Au XVIIIe, on méprise ce genre hérité du siècle précédent : une littérature de femmes, frivole, immorale et pleine d’invraisemblances. On va avoir tendance par conséquent à transformer le roman en genre vrai qui raconte comment l’individu (et non pas le noble, qui par définition n’a pas d’histoire, sinon celle de sa lignée) peut faire sa place dans une société en pleine évolution . C’était du reste être conforme au goût de la classe dominante, c’est-à-dire, de la bourgeoisie, dont le seul « héroïsme » était celui du quotidien.

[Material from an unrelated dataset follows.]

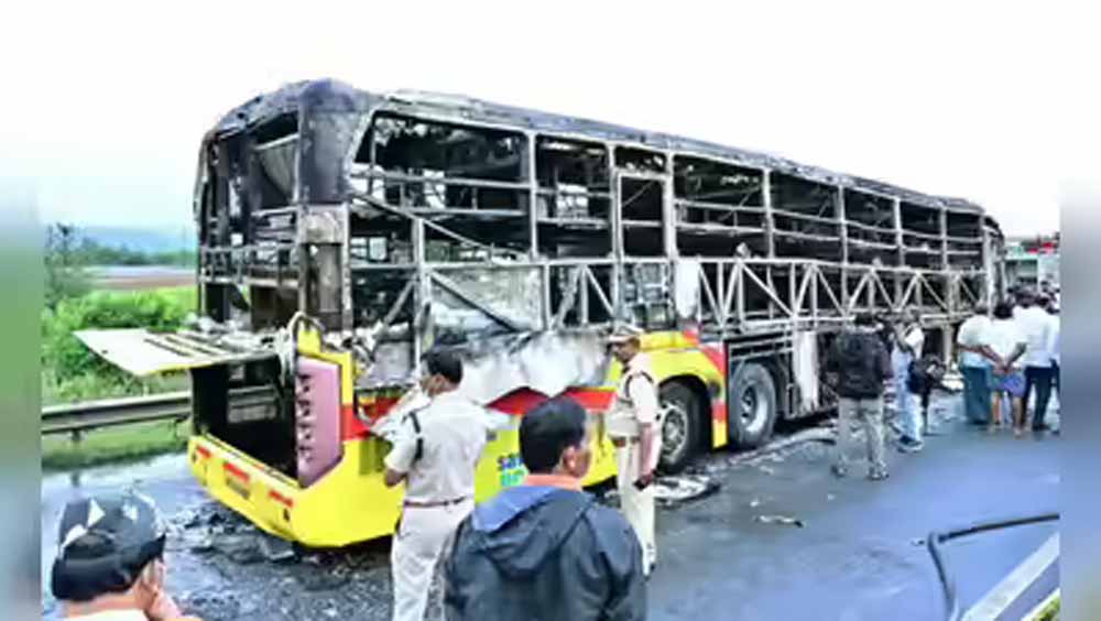 बता दें कि शुक्रवार को बस और बाइक की टक्कर के बाइक बस के नीचे आकर रगड़ने लगी। इस वजह से उसका फ्यूल टैंक फट गया और बस भी आग का गोला बन गई। इस घटना में बस में सावर 19 यात्रियों के साथ बाइक सवार की मौत हो गई थी।

Ce souci de vraisemblance d’autre part explique qu’on privilégie le Roman-mémoire à la première personne ; il se donne comme un récit vrai et non une fiction (d’où le procédé fréquent d’un manuscrit retrouvé…que l’auteur n’a fait que publier). Et donc le narrateur ne sera jamais omniscient, ce qui entraîne des zones d’ombre, parce qu’à l’inverse du narrateur extra-diégétique qui peut nous éclairer sur l’ensemble des personnages, ici le narrateur, Je, est toujours présent et tout-puissant, c’est le seul sujet, tout le reste dépend de son regard (cf. J. Rousset, Narcisse romancier) et de la limitation de ce regard. Donc tous les autres personnages ne sont plus que des objets. Dans La vie de Marianne, on ne saura par exemple jamais la vérité sur les sentiments de Valville). Mais nous verrons comme le fait d’être finalement le seul « sujet » est important et décisif dans l’objectif de Marianne. Cependant, comme chez Marivaux, la prise de conscience claire de ce qu’on est se fait toujours a posteriori, il y aura une distance entre celle qui raconte et la Marianne héroïne décrite, et donc on retrouve, dans ce système narratif, la distance, mais sur un autre plan, entre la narratrice et les autres personnages. Pour résumer quand la narratrice s’efface et que Marianne est l’actrice principale, il y a représentation de l’autre à travers les signes qu’il émet, et quand la narratrice analyse ses réactions passées, c’est l’introspection qui préside à la connaissance de soi, et le maximum de lumière est projeté sur le moi (surtout s’agissant d’une coquette comme Marianne).